SUMMARY OF THE INVENTION
[0009] Whereas, the major object of the present invention is to
provide a method of defects recovery and status display of DRAM,
which provides real time test and recovery of memory page during
DRAM operation, and make DRAM manufacturers save cost during the
infant mortality period. Thus the cost of test and recovery can be
saved, the DRAM would not crash in system due to one memory unit
not working normally, which can prolong the product usage period of
DRAM, especially can maintain normal access operation in server
system which can not be shutdown and has DRAM error with it.
[0010] In the present invention a plurality of spare memory pages
are reserved which serve as temporary storage of internal data
while the memory pages are tested. The DRAM data of a tested memory
page is duplicated to one of the spare memory page, and then a
table of look-aside buffer(TLB) is built to map the location of the
tested memory page to the predetermined spare memory page. The
tested memory pages are redirected to the predetermined spare
memory pages through TLB, in the meantime, the monitor program also
block access operation of tested pages temporarily; while any
memory page with defects is detected, the monitor program will
continuously block the tested memory page, and any access operation
for the said memory page will be re-directed to the predetermined
spare memory page according to TLB, which allocates the data access
operation to the spare memory page, and makes DRAM maintain normal
operation no matter there is an error or not.

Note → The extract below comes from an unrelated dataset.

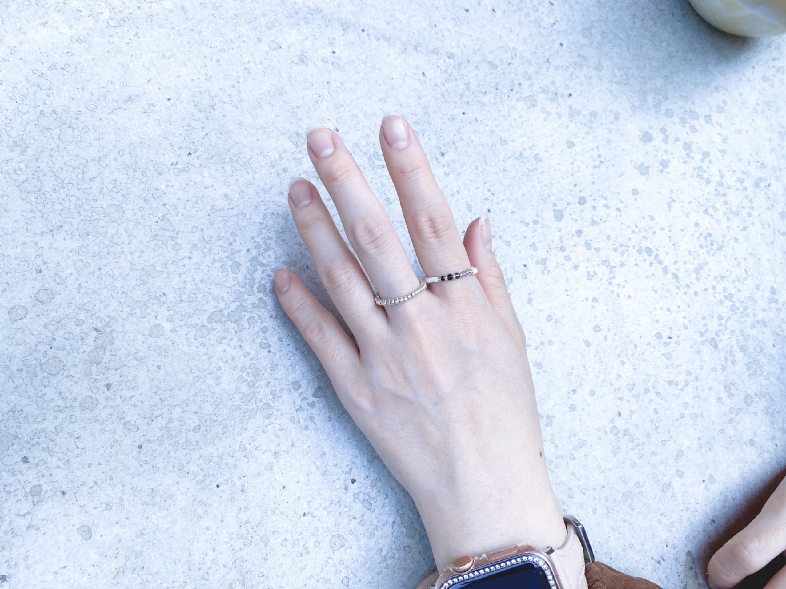♡シルバーリングを混ぜて華奢なデザインにしておりますので、大人の方にも普段遣いでご使用頂けると思います

[0011] Another object of the present invention is that a LCD is
driven through CPU to display the message such as testing
frequency, intact report, detected fault, sum of memory usage, and
actual memory size, etc., making users can easily control and
observe DRAM's status.
[0012] Further object of the present invention is while the data
are duplicated to the spare memory page, the ECC inspection
procedure is proceeded through the monitor program. If there is a
single bit or binary error happened, the said inspection procedure
records whether the said memory page is unstable or unrecoverable,
and then strengthen inspection to prevent single bit from
transferring to binary error.
[0013] Below describes detailed structure design and technique
principle of the invention, referring to appended drawings, will
further understand the characteristics of the present invention,
wherein:
BRIEF DESCRIPTION OF THE DRAWINGS
[0014] FIG. 1 is a bathtub curve of DRAM;
[0015] FIG. 2 is a diagram of memory module structure of the
present invention; and
[0016] FIG. 3 is an operation steps flow of the present
invention.
DESCRIPTION OF THE PREFERRED EMBODIMENT
[0017] Please refer to FIG. 2, the present invention can be
accomplished directly through hardware or with added software, the
structure of the said DRAM 10 includes:
[0018] a monitor program 20 which regularly inspect the DRAM data
integrity;
[0019] a counter 30 which serves as a timer for the monitor
program20;
[0020] a display device 40 (in the embodiment, LCD device is
employed, or display directly through monitor) which is used to
display all DRAM 10 related information.
[0021] Referring to FIG. 3, after each cycle start, monitor program
20 will predetermine a spare memory page as the temporary storage
space of the tested memory page 11 (due to DRAM 10 address is
organized by continuous memory pages in sequence, the spare pages
is usually located in the bottom of memory pages), the data of the
memory page 11 which will be tested are copied to the predetermined
spare memory page 12, and then a table of look-aside buffer(TLB) is
built to map the location of the tested memory page 11, to the
predetermined spare memory page 12. The accesses to the tested
memory page 11 is then relocated to the predetermined spare memory
page 12 through TLB. Therefore, the original access operation of
the system would not be affected. In the mean time the monitor
program 20 also blocks the tested memory page temporarily, and
starts proceeding the said memory page testing.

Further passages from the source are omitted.